### [Task brief]
The reply to the records below should contain exactly the lines from the line with "通过网盘分享的文件:2026届高三化学二轮复习专题 化学用语.docx" through the line with "Nachschuss auf 402", and nothing besides.

### [Extracted records]
○ ○ ○ ○ ○ ○ ○

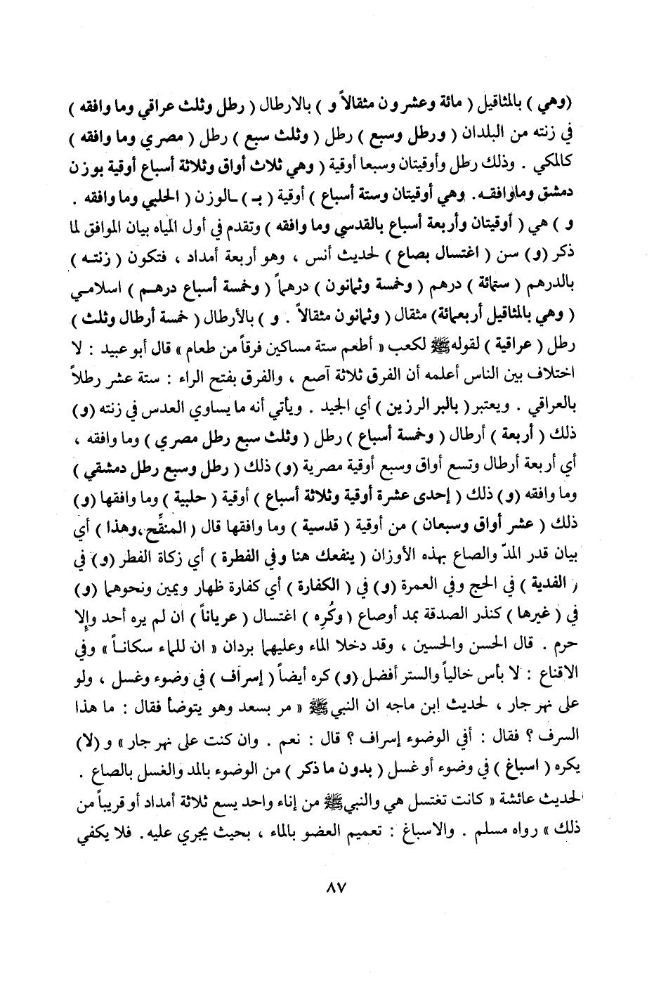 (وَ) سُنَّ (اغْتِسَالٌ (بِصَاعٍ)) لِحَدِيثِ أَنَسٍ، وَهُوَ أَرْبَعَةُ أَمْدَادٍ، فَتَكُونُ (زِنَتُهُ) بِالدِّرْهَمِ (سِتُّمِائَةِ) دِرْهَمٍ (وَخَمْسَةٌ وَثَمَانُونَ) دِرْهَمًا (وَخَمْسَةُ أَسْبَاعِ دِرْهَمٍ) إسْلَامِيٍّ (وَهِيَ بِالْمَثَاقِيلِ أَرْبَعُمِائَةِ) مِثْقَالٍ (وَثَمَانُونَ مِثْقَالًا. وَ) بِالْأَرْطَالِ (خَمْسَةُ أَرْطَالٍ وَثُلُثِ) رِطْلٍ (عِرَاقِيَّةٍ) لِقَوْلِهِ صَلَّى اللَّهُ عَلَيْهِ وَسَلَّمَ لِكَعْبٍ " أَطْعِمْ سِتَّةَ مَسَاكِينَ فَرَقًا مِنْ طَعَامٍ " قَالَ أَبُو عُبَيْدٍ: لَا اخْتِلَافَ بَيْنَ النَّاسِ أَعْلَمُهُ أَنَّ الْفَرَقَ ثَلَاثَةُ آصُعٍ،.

○ ○ ○ ○ ○ ○ ○

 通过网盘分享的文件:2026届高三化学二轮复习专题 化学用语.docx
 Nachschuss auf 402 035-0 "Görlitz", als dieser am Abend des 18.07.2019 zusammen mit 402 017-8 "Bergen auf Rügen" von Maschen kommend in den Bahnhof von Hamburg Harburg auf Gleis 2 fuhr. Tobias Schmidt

○ ○ ○ ○ ○ ○ ○

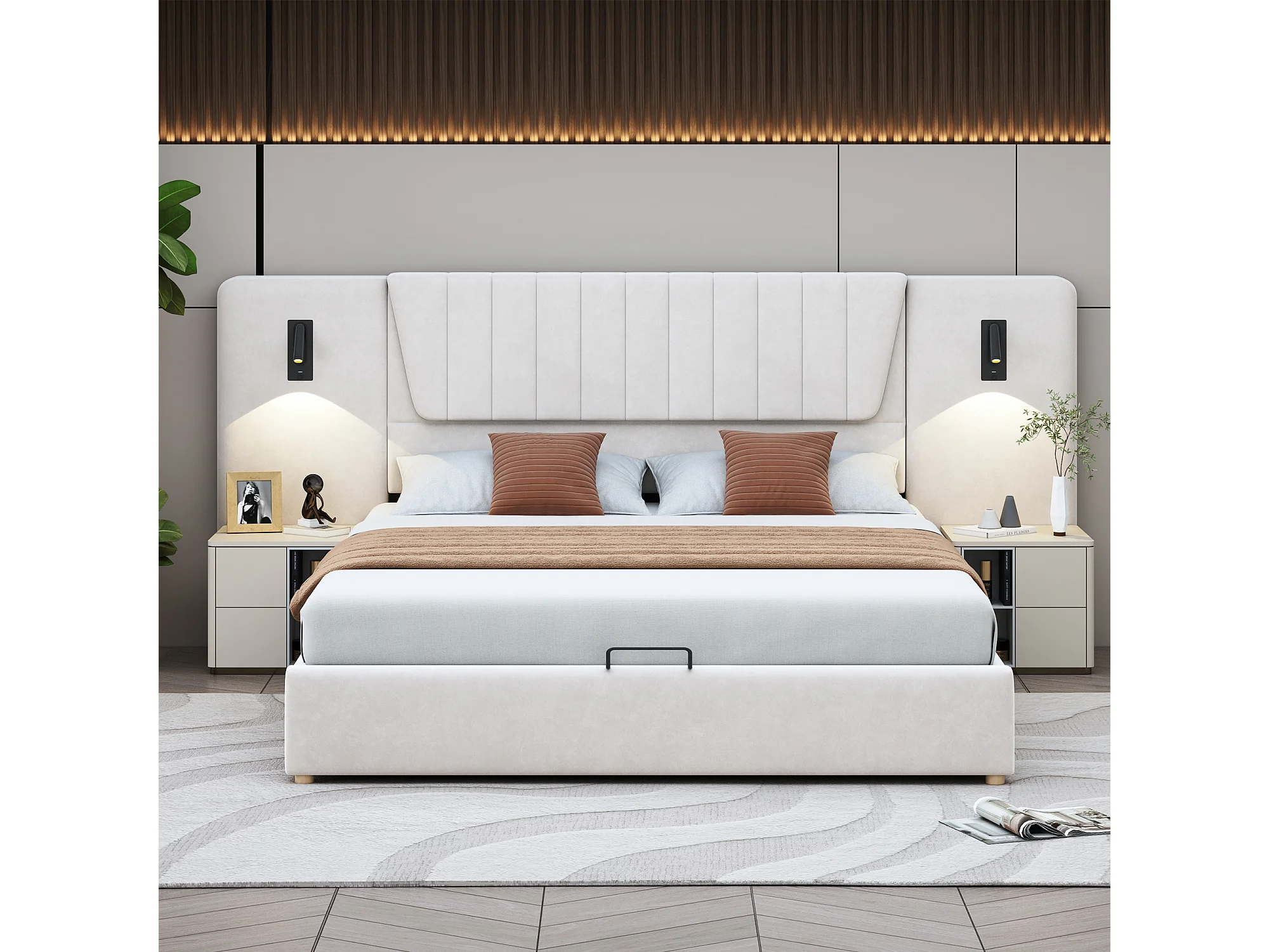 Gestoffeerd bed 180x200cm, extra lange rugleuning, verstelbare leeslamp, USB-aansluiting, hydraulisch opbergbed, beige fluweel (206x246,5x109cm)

○ ○ ○ ○ ○ ○ ○

### [Exercise solution]
 通过网盘分享的文件:2026届高三化学二轮复习专题 化学用语.docx
 Nachschuss auf 402 035-0 "Görlitz", als dieser am Abend des 18.07.2019 zusammen mit 402 017-8 "Bergen auf Rügen" von Maschen kommend in den Bahnhof von Hamburg Harburg auf Gleis 2 fuhr. Tobias Schmidt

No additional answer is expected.